Everyone who begins the Para training course has to pass an initial assessment, and once accepted they live an ordered, structured life, supervised by qualified instructors. Even so, 35 per cent usually fail to make it, and the figure can be as high as 70 per cent. So where does that leave the ordinary punter who invests in a copy of The Paras Ultimate Fitness?

Claire Gillman claims that "anyone who's really motivated can do it", but the Paras pride themselves on being a breed apart - "You're born a Para, really" - and they would be gutted to think any "Joe Crow" could do what they can. So would I. They are trained to do an unpleasant job, and I wouldn't want to be like them any more than they would want to be like me.

The Paras Ultimate Fitness is packaged to appeal to male vanity. Its regime is something that men can aspire to but in my opinion few have much chance of completing.
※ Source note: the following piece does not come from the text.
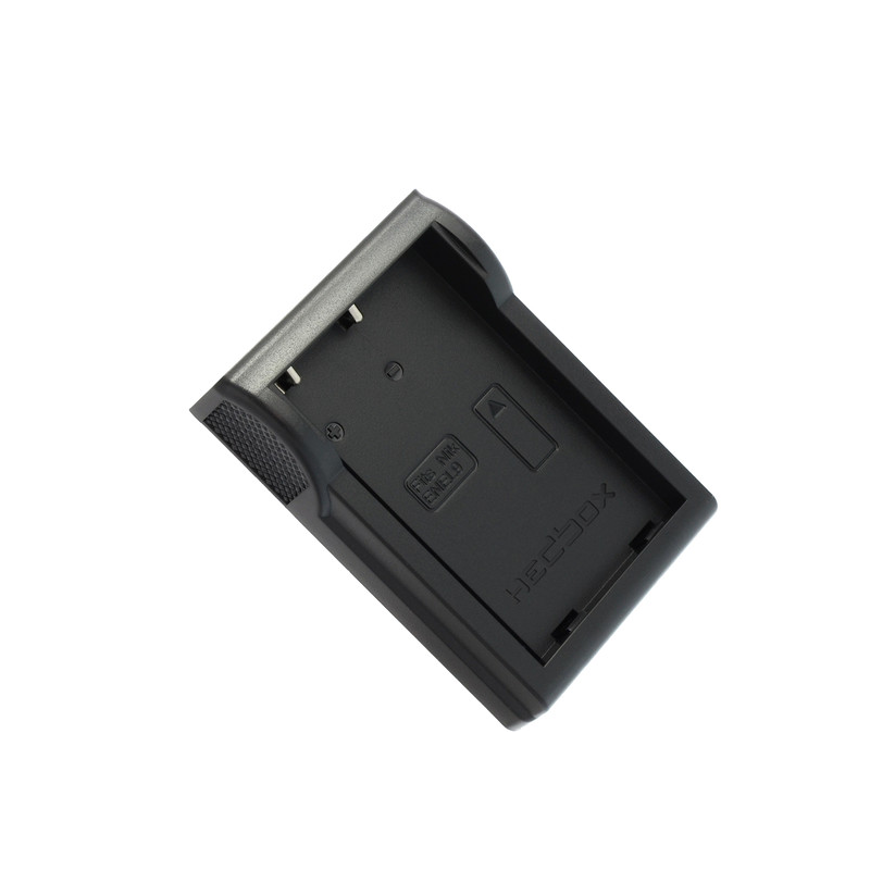 The Hedbox DV Charger Plate for Nikon EN-EL9 is an interchangeable battery plate for the Hedbox RP-DC50, RP-DC40, and RP-DC30 DV battery chargers.

Indeed, it is probably best if they don't, for as Lieutenant-General Pike's introduction points out, "If you try to tackle anything like this on your own, unsupervised by experts, you are very likely to injure yourself needlessly and, perhaps, seriously."

"Fancy jumping out of a plane next?" are Claire Gillman's parting words in the book. Very funny. Right now, I can hardly jump out of bed. And I'll be nursing a strategic injury at school sports day.

'The Paras Ultimate Fitness', by Claire Gillman. Hodder & Stoughton, pounds 9.99.